Fat lady singing? The OPERA particle detector may have spotted neutrinos traveling faster than light, which would bring down the curtain on special relativity as an exact theory.

If it’s true, it will mark the biggest discovery in physics in the past half-century: Elusive, nearly massless subatomic particles called neutrinos appear to travel just faster than light, a team of physicists in Europe reports. If so, the observation would wreck Einstein’s theory of special relativity, which demands that nothing can travel faster than light.

In fact, the result would be so revolutionary that it’s sure to be met with skepticism all over the world. “I suspect that the bulk of the scientific community will not take this as a definitive result unless it can be reproduced by at least one and preferably several experiments,” says V. Alan Kostelecky, a theorist at Indiana University, Bloomington. He adds, however, “I’d be delighted if it were true.”

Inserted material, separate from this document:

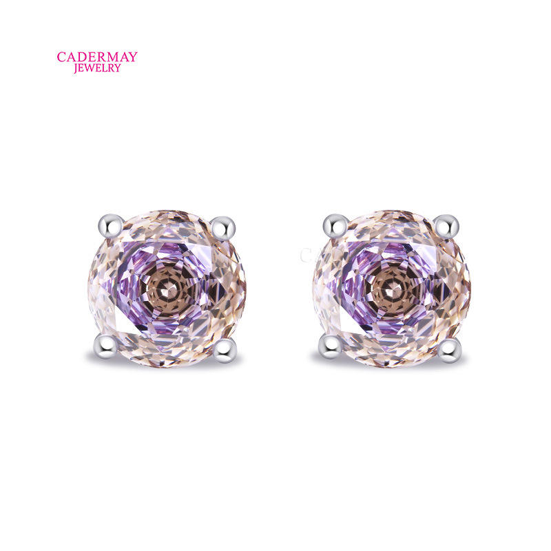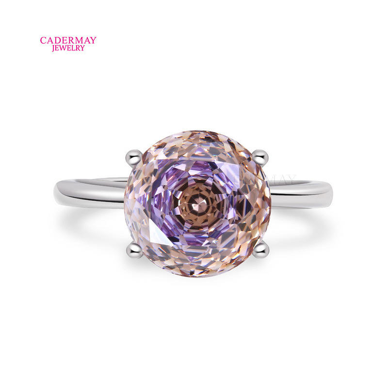 Cardermay Flower Shape Zircon Jewelry Set 925 Silver Pendant Necklace Ring Earrings Light Purple Everyday Wear

The data come from a 1300-metric-ton particle detector named Oscillation Project with Emulsion-tRacking Apparatus (OPERA). Lurking in Italy’s subterranean Gran Sasso National Laboratory, OPERA detects neutrinos that are fired through the earth from the European particle physics laboratory, CERN, near Geneva, Switzerland. As the particles hardly interact at all with other matter, they stream right through the ground, with only a very few striking the material in the detector and making a noticeable shower of particles.

Over 3 years, OPERA researchers timed the roughly 16,000 neutrinos that started at CERN and registered a hit in the detector. They found that, on average, the neutrinos made the 730-kilometer, 2.43-millisecond trip roughly 60 nanoseconds faster than expected if they were traveling at light speed. “It’s a straightforward time-of-flight measurement,” says Antonio Ereditato, a physicist at the University of Bern and spokesperson for the 160-member OPERA collaboration. “We measure the distance and we measure the time, and we take the ratio to get the velocity, just as you learned to do in high school.” Ereditato says the uncertainty in the measurement is 10 nanoseconds.

However, even Ereditato says it’s way too early to declare relativity wrong. “I would never say that,” he says. Rather, OPERA researchers are simply presenting a curious result that they cannot explain and asking the community to scrutinize it. “We are forced to say something,” he says. “We could not sweep it under the carpet because that would be dishonest.” The results will be presented at a seminar tomorrow at CERN.

The big question is whether OPERA researchers have discovered particles going faster than light, or whether they have been misled by an unidentified “systematic error” in their experiment that’s making the time look artificially short. Chang Kee Jung, a neutrino physicist at Stony Brook University in New York, says he’d wager that the result is the product of a systematic error. “I wouldn’t bet my wife and kids because they’d get mad,” he says. “But I’d bet my house.”

Jung, who is spokesperson for a similar experiment in Japan called T2K, says the tricky part is accurately measuring the time between when the neutrinos are born by slamming a burst of protons into a solid target and when they actually reach the detector. That timing relies on the global positioning system, and the GPS measurements can have uncertainties of tens of nanoseconds. “I would be very interested in how they got a 10-nanosecond uncertainty, because from the systematics of GPS and the electronics, I think that’s a very hard number to get.”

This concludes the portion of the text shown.